» Your objective
Make an exact copy of the listing underneath, skipping each picture.

» Input data
[Start of Attachment]
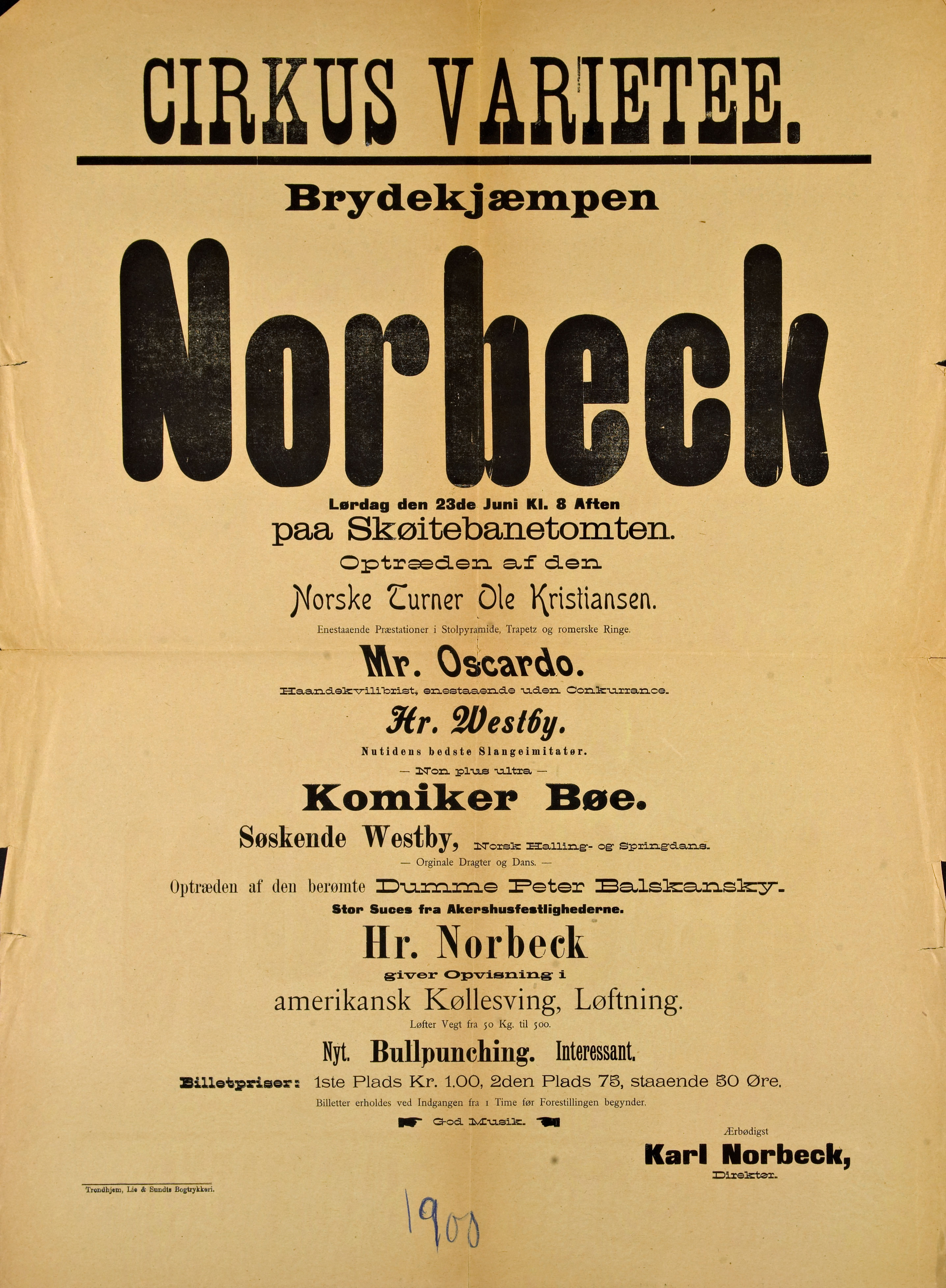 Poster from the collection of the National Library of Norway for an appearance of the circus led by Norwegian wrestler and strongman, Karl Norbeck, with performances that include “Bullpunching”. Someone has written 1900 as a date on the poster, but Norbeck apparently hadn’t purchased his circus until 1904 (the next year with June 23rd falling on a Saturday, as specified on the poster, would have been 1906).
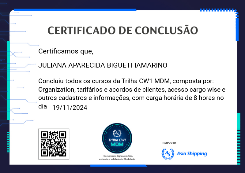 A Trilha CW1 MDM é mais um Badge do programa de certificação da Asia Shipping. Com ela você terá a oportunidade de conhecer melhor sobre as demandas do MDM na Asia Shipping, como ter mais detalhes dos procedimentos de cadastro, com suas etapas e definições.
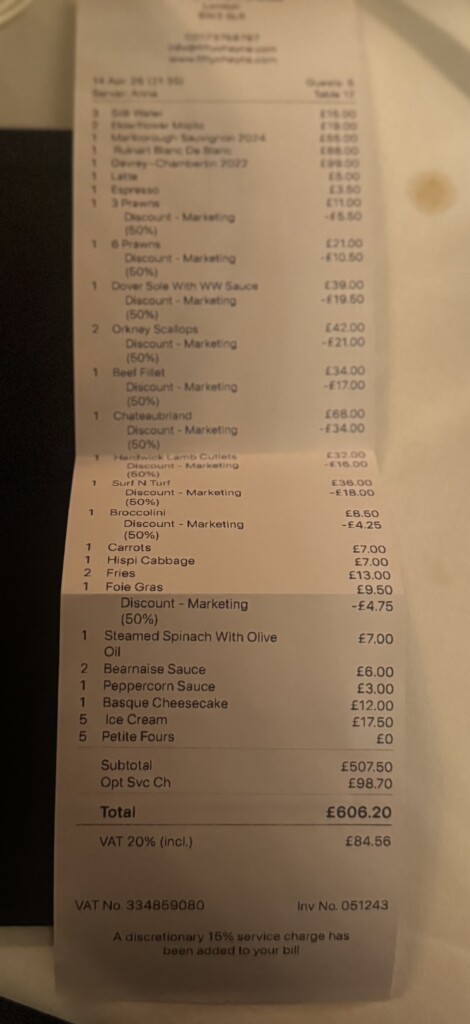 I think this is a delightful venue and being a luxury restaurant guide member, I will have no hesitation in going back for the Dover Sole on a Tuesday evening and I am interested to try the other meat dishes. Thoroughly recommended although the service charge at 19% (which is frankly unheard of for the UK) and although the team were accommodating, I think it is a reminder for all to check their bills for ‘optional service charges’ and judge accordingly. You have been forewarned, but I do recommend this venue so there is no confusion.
[End of Attachment]
» Problem solution
 Poster from the collection of the National Library of Norway for an appearance of the circus led by Norwegian wrestler and strongman, Karl Norbeck, with performances that include “Bullpunching”. Someone has written 1900 as a date on the poster, but Norbeck apparently hadn’t purchased his circus until 1904 (the next year with June 23rd falling on a Saturday, as specified on the poster, would have been 1906).
 A Trilha CW1 MDM é mais um Badge do programa de certificação da Asia Shipping. Com ela você terá a oportunidade de conhecer melhor sobre as demandas do MDM na Asia Shipping, como ter mais detalhes dos procedimentos de cadastro, com suas etapas e definições.
 I think this is a delightful venue and being a luxury restaurant guide member, I will have no hesitation in going back for the Dover Sole on a Tuesday evening and I am interested to try the other meat dishes. Thoroughly recommended although the service charge at 19% (which is frankly unheard of for the UK) and although the team were accommodating, I think it is a reminder for all to check their bills for ‘optional service charges’ and judge accordingly. You have been forewarned, but I do recommend this venue so there is no confusion.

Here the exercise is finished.